Евгения Альбац: Ну это как раз понятно, они же не будут сами себя арестовывать...

Николай Петров: Это правда, но мы видим каждый год сокращение островка неприкасаемых. 2015 год — первый губернатор идет, 2017‑й — первый федеральный министр. Два года назад стали арестовывать руководителей региональных судов. Раньше это не практиковалось.
 


Задержание чиновника Министерства экономического развития, 2024 г. Оперативная съемка ФСБ, фото: ЦОС ФСБ РФ / ТАСС
(фамилию задержанного ФСБ не разглашает)

 

На чем стоит система

Евгения Альбац: Да, но я просто плохо себе представляю, как Путин может себе позволить задерживать чекистов, поскольку вся его жизнь и жизнь всех его близких зависима от них 24/7. Но вы понимаете, какие интересы стоят за задержанием того или иного чиновника? Мы с вами знаем, что взяточничество и коррупция — это то, на чем строится система Путина. То, что ему позволяет держать на крючке региональных чиновников. Он хорошо помнит 1999 год, когда покойный ныне Юрий Лужков сумел объединить вокруг себя и Примакова большинство тогдашних губернаторов, и эта региональная фронда против Ельцина была чрезвычайно опасной. И понятно, что Путин усвоил эти уроки. Но какие? Ведь почему‑то он преследует начальников в Бурятии и в Дагестане, а не где‑то еще. Какая‑то логика в этом есть?
 

Чтобы обеспечить лояльность корпорации, вам надо время от времени радикально менять ее руководство. Если во время вой­ны военные превращаются в потенциально грозную мощную силу, вам нельзя допустить, чтобы эта корпорация имела голос на политической сцене, надо резко сменить руководство


Николай Петров: Да, есть логика, она не всегда видна в каждом конкретном случае, но в целом мы ее можем увидеть. Например, последняя массовая кампания, связанная с Министерством обороны, это тоже очень функциональная вещь. Такая система была введена в строй после 2014 года, когда Путин приобрел легитимность вождя после аннексии Крыма, а не просто избранного президента. Если ты вождь, ты обращаешься к людям поверх голов элиты и в этом смысле гораздо меньше зависишь от нее даже раз в 6 лет, когда ты проходишь через выборы. И вот фактически с 2014 года мы наблюдаем определенный процент наказуемых представителей управленческой бюрократии. К примеру, чтобы обеспечить лояльность корпорации, вам надо время от времени радикально менять ее руководство. Если во время вой­ны военные превращаются в потенциально грозную мощную силу, вам нельзя допустить, чтобы эта корпорация имела голос на политической сцене. Вам надо резко сменить руководство. И как это было сделано когда‑то с внутренними вой­сками, с целым рядом других структур, военных и гражданских, сегодня это сделано с Минобороны. Другой вопрос, насколько все они погрязли в коррупции. Но мы с вами знаем, что на каждого представителя этой системы есть папочка с компроматом, если не с уголовными нарушениями, то с номенклатурными привилегиями. Сегодня это льгота, а завтра, если кого‑то захотят наказать, это прекрасный повод для того, чтобы посадить.

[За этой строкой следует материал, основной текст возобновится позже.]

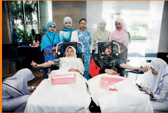
• Blood Donation Drive Kempen Derma Darah

Your Company's contribution towards nation building also includes the celebration of fifty (50) years of Malaysia - through donation. It is also known as the "Konvoi 50 Tahun Kemerdekaan". Your Company also initiates effective knowledge sharing and dissemination to the stakeholders. For the latter, your Company has been diffusing subject matters such as ICT security, intellectual property rights, data protection and privacy. Your Company has positioned itself being an opinion leader in Malaysia. Invariably, your Company has been active in instilling data protection awareness amongst Malaysians and is involved with various consultations to expedite the Data Protection Bill in the nation's legislative process.
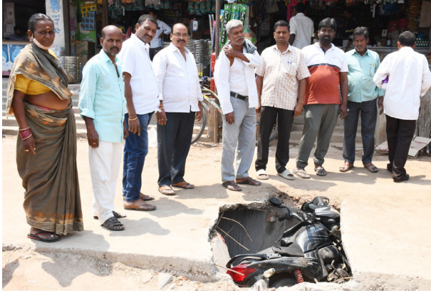
చౌటుప్పల్ మార్చి 27 (ప్రజా జ్యోతి) అండర్ గ్రౌండ్ డ్రైనేజీలో ద్వితీయ వాహనము పడి వాహనదారునికి గాయాలైన ఘటన చౌటుప్పల్ మున్సిపాలిటీలో గురువారం చోటుచేసుకుంది.స్థానికులు తెలిపిన వివరాలు ప్రకారం..కిరాణి

- నాసిరకం నిర్మాణాలతో ఇబ్బంది పడుతున్న ప్రజలు, దుకాణదారులు
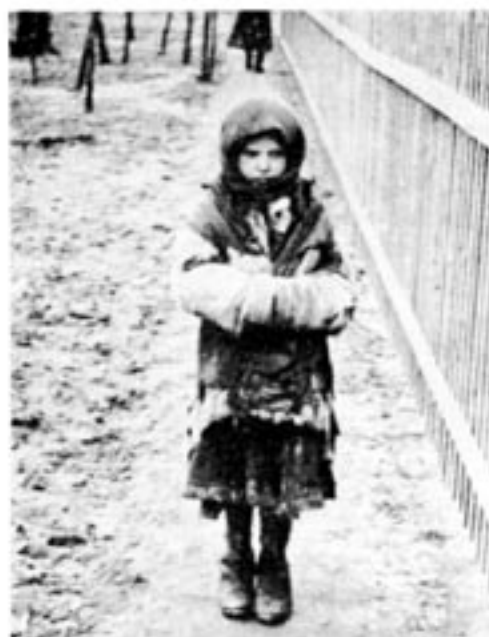
Mörka minnen från Stalinterrorn 1933. En föräldralös ukrainsk flicka i en utdöd stad. Det bördiga Ukraina var svältens boning på grund av planekonomisk terror. Än är inte planekonomin övergiven.

Ukraina var en av de tre sovjetrepublikerna som hade baser för strategiska kärnvapen. En stor del av den militära produktionen har också legat i Ukraina. Det kaos som rått i Ukraina har skapat betydande oro för vad som skulle hända med kärnvapnen. Såväl USA som Ryssland har engagerat sig hårt i frågan och en överenskommelse har nu träffats om att Ukraina ska montera ned sina 1 800 stridsspetsar och skicka dem till
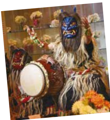
▲なまはげ太鼓を披露
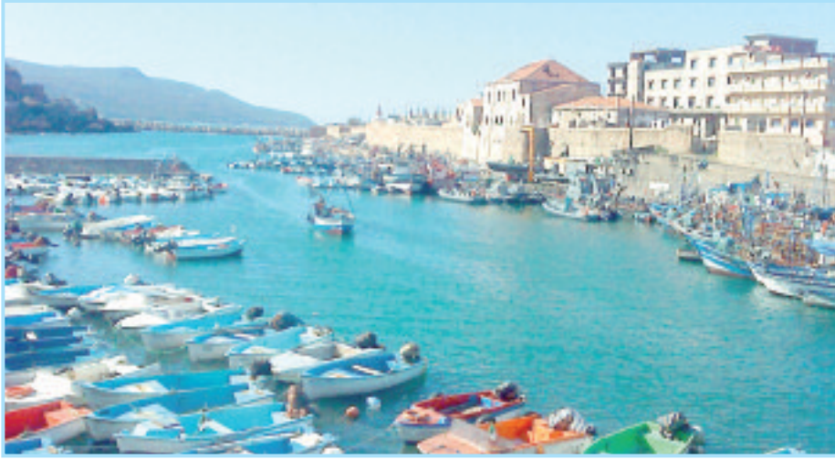
منظر عام للقالة

Евгения Альбац: Довольно много писали о том, что сужается пирог российской экономики, из которого можно воровать. Соответственно, у чекистов, которые находятся в более-­менее независимом положении от всех остальных институтов власти, появляются возможности и желания, ничем и никем не ограниченные, чтобы забирать куски собственности. Вы видите по списку арестованных в последнее время, что пытаются забирать?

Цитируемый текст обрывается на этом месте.